Today's Talk discusses microservices optimization strategies for distributed systems, specifically focusing on implementing casual consistency to ensure data synchronization. Vector clocks are commonly used to track the casual relationship between write events in distributed systems. Casual consistency allows for concurrent and independent operations without synchronization, maximizing parallelism and system resource utilization. It enables effective scalability, better latency, and fault tolerance in distributed systems through coordination, resilience, reconfiguration, recovery, and data replication.
1. Microservices Optimization Strategies
Hi, viewers. Today, I'll be talking about microservices optimization strategies for distributed systems. Casual consistency is crucial for ensuring data synchronization across multiple servers. Implementing casual consistency algorithms can enhance system performance. A real-world example is Google Docs, where multiple users can simultaneously edit a document. User edits are sent to respective servers, ensuring casual consistency.
Hi, viewers. I'm Santosh. I'm currently working at PyTance as an engineering lead in San Francisco Bay Area. Today, I'll be talking about the microservices optimization strategies for high performance and resilience of these distributed systems.
So, today, I'll be giving some examples and trying to explain with those examples which are very much related to all of us in our day-to-day use. So, what are these distributed systems or large-scale systems? I can give some examples like Google Docs or some booking systems like airline or movie booking, where a lot of us make concurrent requests, try to edit the documents and Google Docs in parallel.
And what needs to be considered? What optimization strategies need to be considered when we build such systems? So, first and foremost, let's get straight into this. So, casual consistency. Now, we often talk about consistency in distributed systems, where we don't have only one backend server in the distributed systems. You have multiple systems coordinating with each other, say, writes go to one system and reads go to another system. And you want the data between write server and the read server to be synchronized.
Or you have multiple nodes geographically located, one in USA, another in, say, India or Europe, and users making some booking requests. And ultimately, they access the same database. They're trying to book the last seat of an airplane and airplane, all of them try to access the same seat, requests coming onto different servers. But these servers need to coordinate in some way. Our data needs to be consistent across these servers in some way, such that they are well, seamlessly providing services to all the users.

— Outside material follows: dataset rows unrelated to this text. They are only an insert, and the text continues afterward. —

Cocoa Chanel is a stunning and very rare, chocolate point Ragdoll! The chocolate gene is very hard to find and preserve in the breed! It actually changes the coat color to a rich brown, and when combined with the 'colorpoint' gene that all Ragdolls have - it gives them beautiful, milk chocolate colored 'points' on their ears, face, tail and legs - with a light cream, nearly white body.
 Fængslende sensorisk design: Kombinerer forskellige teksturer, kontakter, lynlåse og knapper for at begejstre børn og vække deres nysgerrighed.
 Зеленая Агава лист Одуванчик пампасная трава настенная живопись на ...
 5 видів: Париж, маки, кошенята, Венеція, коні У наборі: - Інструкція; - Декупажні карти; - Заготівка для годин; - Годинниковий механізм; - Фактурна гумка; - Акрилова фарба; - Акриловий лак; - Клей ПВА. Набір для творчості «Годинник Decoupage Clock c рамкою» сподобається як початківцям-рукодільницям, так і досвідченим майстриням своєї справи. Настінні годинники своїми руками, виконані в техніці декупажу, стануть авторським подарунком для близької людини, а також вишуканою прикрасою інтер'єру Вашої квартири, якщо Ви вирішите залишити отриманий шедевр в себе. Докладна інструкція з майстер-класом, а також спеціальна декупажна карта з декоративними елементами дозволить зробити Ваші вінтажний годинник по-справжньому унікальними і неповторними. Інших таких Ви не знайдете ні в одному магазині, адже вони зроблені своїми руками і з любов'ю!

So, consistency is like when you have different servers serving the requests of various users, you want the data to be same or consistent across all these servers. And now, in that, there is something called casual consistency. And if as a software architect, we can address this, it can really incorporate casual consistency or implement casual consistency algorithms in your backend distributed systems that can really, really enhance the performance of your system.

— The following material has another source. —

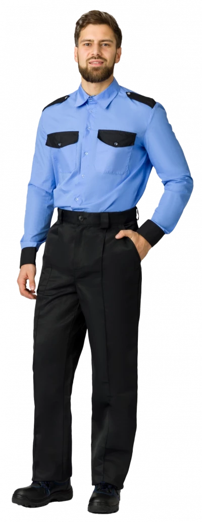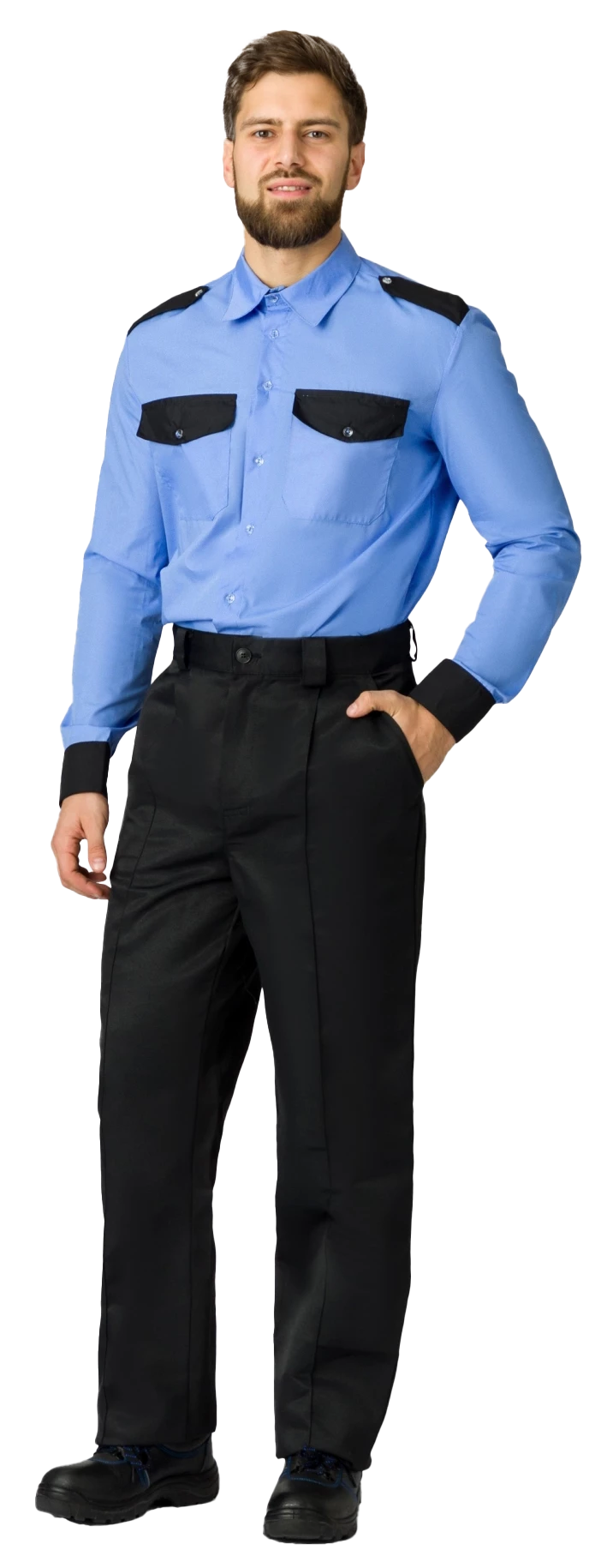 Рубашка охранника с длинным рукавом мужская, ярко-голубой

Now, let's talk about a use case. So, it's a very common use case, as you can see here, a Google Doc, right? As a real-world example, the casual consistency can be seen in a collaborative edit application like this. In Google Docs, multiple users can simultaneously edit a document. Each user's edits are sent to send to their respective servers. As you can see here, write request, user 1 tries to write a sentence to the document and user 2 also does the same thing, doing the write. And there are multiple users who are trying to read like users 3 and 4.
So, here, the important thing to note is that the write done by user 1 and the writes done by user 2 are related. How are they related? Like user 1 writes a sentence 1 to the document and user 2 is writing sentence 2 after reading the document, as you can see steps 2 and 3 in purple. So, the writing activity by user 1 and user 2 are dependent on each other, that means, which is the sentence 2 written by the user 2 is dependent on user 1. So, when that means we in distributed world we call this as casual, casually related, so casual relationship.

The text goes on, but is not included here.